2) I sat down for about an hour and figured out, thanks to a computer program and blackberry app, how many calories I could eat, how much I'd need to work out, etc. It's all math but I hate math. So, I kept it really really simple.
That was the easy part. Here's where it got hard. I made 2 committments
1) I promised myself that as much as this is about the numbers (I don't get people who don't care about the number on the scale) I was going to follow my program regardless. I always make the mistake of giving up when I have a gain or giving up when I'm close to a goal and don't think I can do it. So. I get one rest morning a week. Every other weekday I'm up at 4:45 and working out by 5. I'm done by 5:30. Workout times vary on the weekend. I have coffee brewing while I work out. If I have a bad day I keep at it. I write down my food. If I have a bad day I start again the next day. And if I screw it up I give myself a break. That is a really nice feeling.
2) Team Awesome. My friend committed to doing this with me. We don't work out together. We don't look at each other's food journals. I like that. What we do is check in with each other on workout days. On our blackberries. I don't want to explain this one much further. But, I will say that being committed to a morning check in - and having a supportive friend cheering you on (who you are cheering for too) makes a huge difference.
So ...
I'm doing it.
There's no magic. I am doing the Kettleworx program which I love (though the Sarge kicks my butt) 3-4 days a week. On alternate days I'm running just under 5 k on the treadmill. This is my morning. In the evenings I try to get in another workout. I love that I can run outside now some days. But I'm also happy watching tv from the treadmill.(I aim to brun 400-500 calories a day)

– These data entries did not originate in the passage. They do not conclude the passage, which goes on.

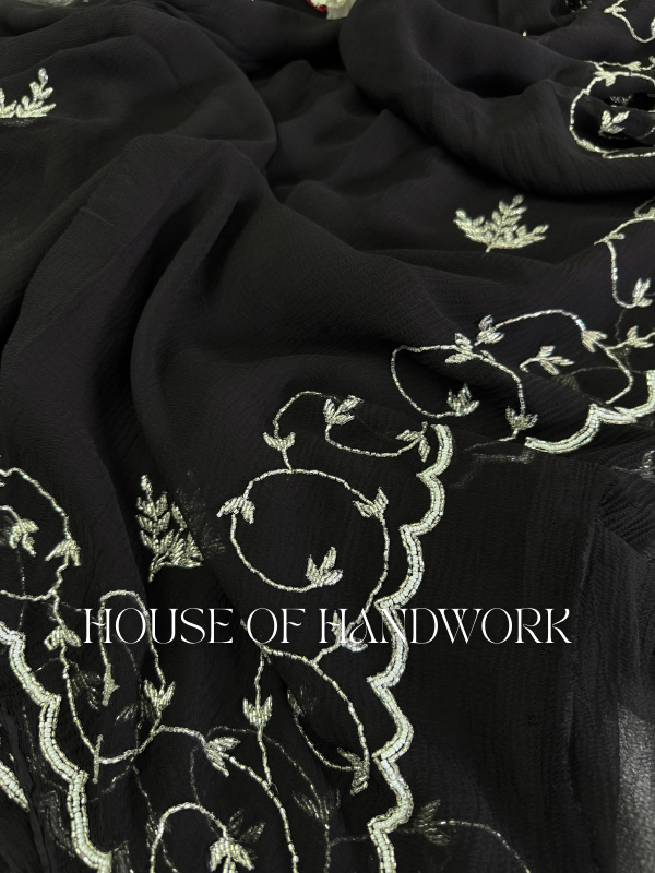 Embellishment: Handcrafted sequence embroidery with floral motifs
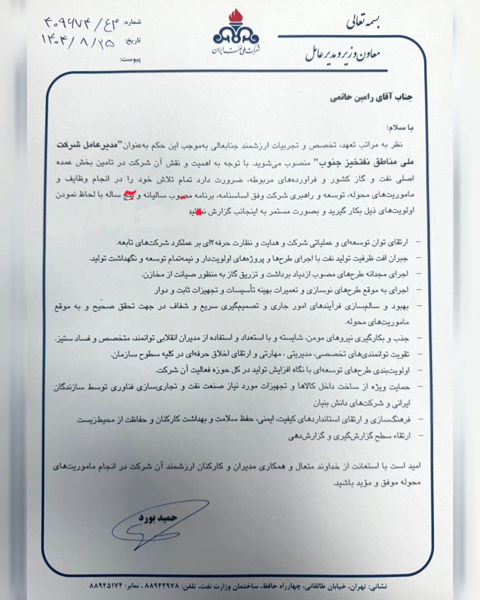 «نظر به مراتب تعهد، تخصص و تجربیات ارزشمند جنابعالی به موجب این حکم بهعنوان مدیرعامل شرکت ملی مناطق نفتخیز جنوب منصوب میشوید. با توجه به اهمیت و نقش آن شرکت در تأمین بخش عمده اصلی نفت و گاز کشور و فرآوردههای مربوطه، ضرورت دارد تمام تلاش خود را در انجام وظایف و مأموریتهای محوله، توسعه و راهبری شرکت وفق اساسنامه، برنامه مصوب سالیانه و پنجساله با لحاظ نمودن اولویتهای ذیل بکار گیرید و بصورت مستمر به اینجانب گزارش نمائید:
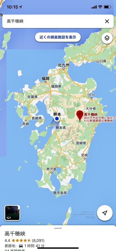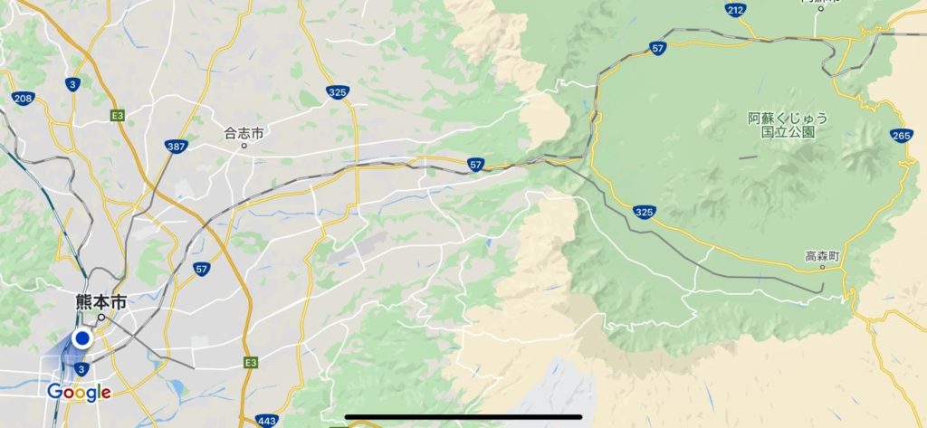 今日は熊本空港に10時前に着くので、そこから高千穂峡に行ってみようと思う。位置関係はこんな感じな。高千穂峡というと宮崎とか大分から行くのでは?と理解する向きが多いが。たしかにかつては高千穂鉄道が延岡から出ていたが、台風により高千穂鉄橋崩落に伴い2005年に廃線になった。これ以降実は、熊本空港から行くの近いんだよな。
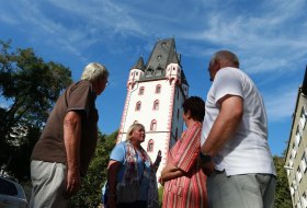According to historical maps, this round and two storey fortified tower with a pointed stone cone shaped roof was to the south-east of the old defences. The former eastward section of the wall led, across the later Neuweg, towards the Uffhubtor. The tower dates from the first half of the 15th century. This style of tower is most frequent in Ober-Ingelheim. In the 19th century they were often transformed to condominiums.

I'm eating about 1200 calories - 1500 calories a day (closer to 1200) and that is a lot of protein, the good carbs (mostly in the morning and at lunch) and tons of veggies. I've tried really hard to cut out sugar. And I'm getting there.
Sometimes I have a cheeseburger. I occassionally eat dark chocolate. I'm eating a lot of almonds, but they are unsalted which is a great way to moderate how many I eat.
I'm running a 5k race at the end of April. With my dad. He's fast. I plan to try to match his pace. At least at first. And I really want to push for a September 10k.
And I really need a new wardrobe! Because for once none of my clothes fit me, but instead of being too small they are too big. I'll take it.
And I'm happy!
Before ... and After
Here's me around November. I'm not a big before and after person. But, when I saw this picture I wasn't too happy with myself. And then I spent 2 months eating more and deleting picture of myself. I am surprised I kept this one.
And this is now. Or a couple weeks ago (and a couple pounds) ago.